See, David found the writer hiding inside the lurker and coaxed her out soothingly with what translated to "Get up off your [self-damned] butt and write already! And enough with exalting the phrase "piece of shit at the center of the universe" - it gets stale fast."
He then proceeded to fire back at my garbled comment about snowballs and Hell and chance and frost with "I think you have a starburst's chance in the night sky."
50/50 odds. I can live with that :)
Anywhoozle, love you all. In a non-platonic (because David taught me, among many other things, to dislike dry boringness), deeply passionate way.
(But Jesse's the only one I want to seek naked. No offense to everyone else!)
References:
[1] Title lovingly borrowed from Jorge Amado's masterpiece Gabriela, Cravo e Canela and from Miyazaki's genius Spirited Away, which I believe to be a perfect blend of Alice in Wonderland and Gospel Truth.
[2] Ame means rain; ko means child.
[3] "sacred roadkill" is a line from Regina Spektor's song about stretchmarks.
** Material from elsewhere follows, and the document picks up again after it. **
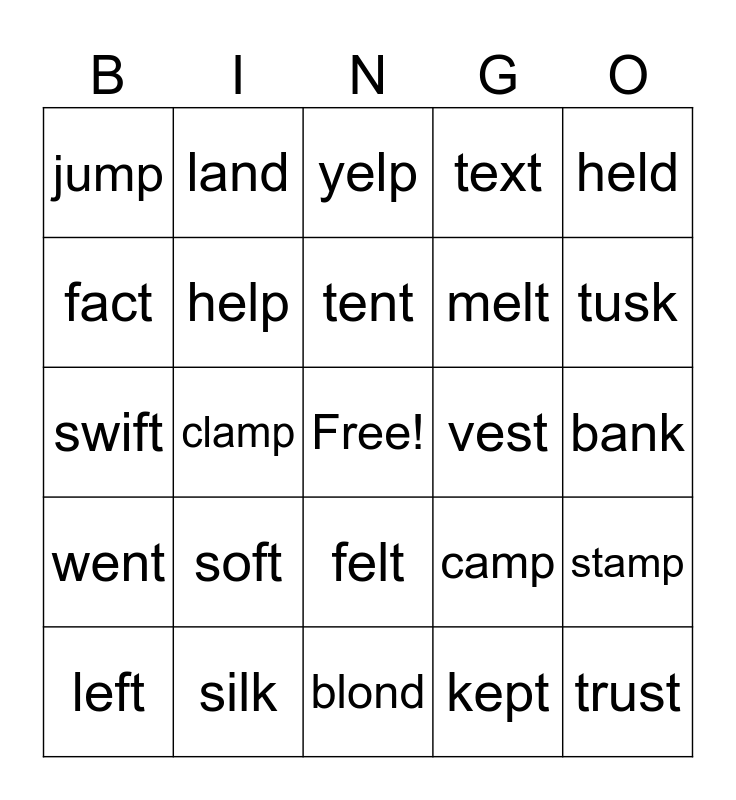 This bingo card has a free space and 24 words: soft, silk, tent, left, held, jump, fact, land, vest, felt, melt, swift, camp, stamp, help, kept, bank, yelp, tusk, clamp, trust, went, text and blond.
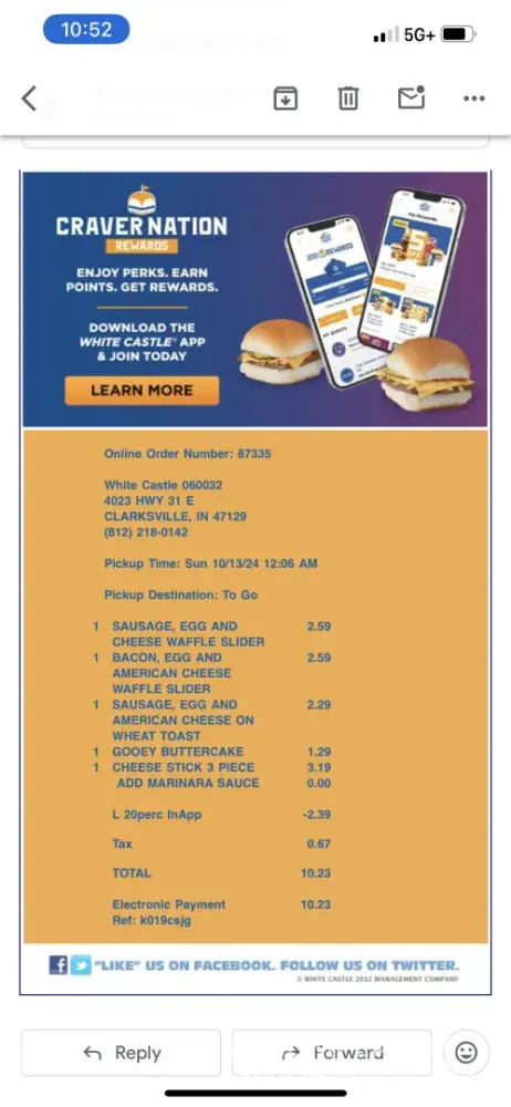 Stoped at my local White Castle the other day for breakfast. Made my order in drive in. Got to window for my order and got ready to pay. While reaching in my money clip I ripped my ten dollar bill in half. The young man at the window refused to take the ripped bill. Told me to get another bill or credit card. I didn’t have any credit card with me and only had a hundred dollar bill besides my ten. He refused to give me my order or take the ten. I told him I had both halves of ten and all he had to do was tape them together. Re still refused my order. I had to just give up and drive off. Not only did he waste the food, but I didn’t get my breakfast. The very next restaurant I stopped took my ten dollar bill in both halves and gave me my breakfast no problem. What a big deal he made of a ripped bill and waste the food at same time

I have no clue right now what it's called, but Google is your friend.
[4] Absolutely no idea what page number this is on, but it happens in the middle of the book, when Gabriela is at a gala, dressed in silks and surrounded by female glares, and two of the men say she'd just as well be dressed in chita, because she's a real rose in a sea of fake flowers.
[5] Best character in the history of cinema, with the possible exception of Brandon Lee's The Crow
[6] My revenge on Francis Schaffer for the way he's influenced my life: using his metaphor in a lesbian love story
[7] My therapist David has a niece who lives on the streets, sometimes, in Tokyo, earning a living as a street musician. Ameko is partially based on her.
[8] Spirited Away is the only Miyazaki movie I've seen that hints at child neglect and potential abuse – usually, parents in his movies are warm and kind and empathetic. Chihiro's parents, however, are well-meaning but too self-absorbed to notice how little they love their daughter.
[9] Shiva, Hindu god of destruction and rebirth and central motif in the amazing documentary Favela Rising.
[10] Yes, I shamefacedly altered that line so that Bob Marley would be in this fic, because who would I be without him?
[11] I don't mean to disrespect dear Janey. But I really don't like her stories.
[12] Anne Lammott term borrowed from Operating Instructions.
[13] Yep, I quoted Mean Girls :P
[14] date-rape drug
[15] Japanese term equivalent to gringo
[16] Reference to Mary Pipher's metaphor in Reviving Ophelia – I have no idea which page it's on.
[17] Reference to The Rats of NIMH
[18] Reference to common belief - based out of Confucianism? - in the Asias that every person has Destiny tied to their pinky in the form of an invisible red thread; everyone's threads are tangled in everyone else's and create a web of humanity.
[19] "for everything there is a season"
[20] Reference to some idiotic song that was my guilty pleasure at thirteen – I refuse to Google it, but you're welcome to. The lyric went: "you are the only one who holds my hair back when I'm drunk and get sick. And you are the only one who knows exactly what I mean."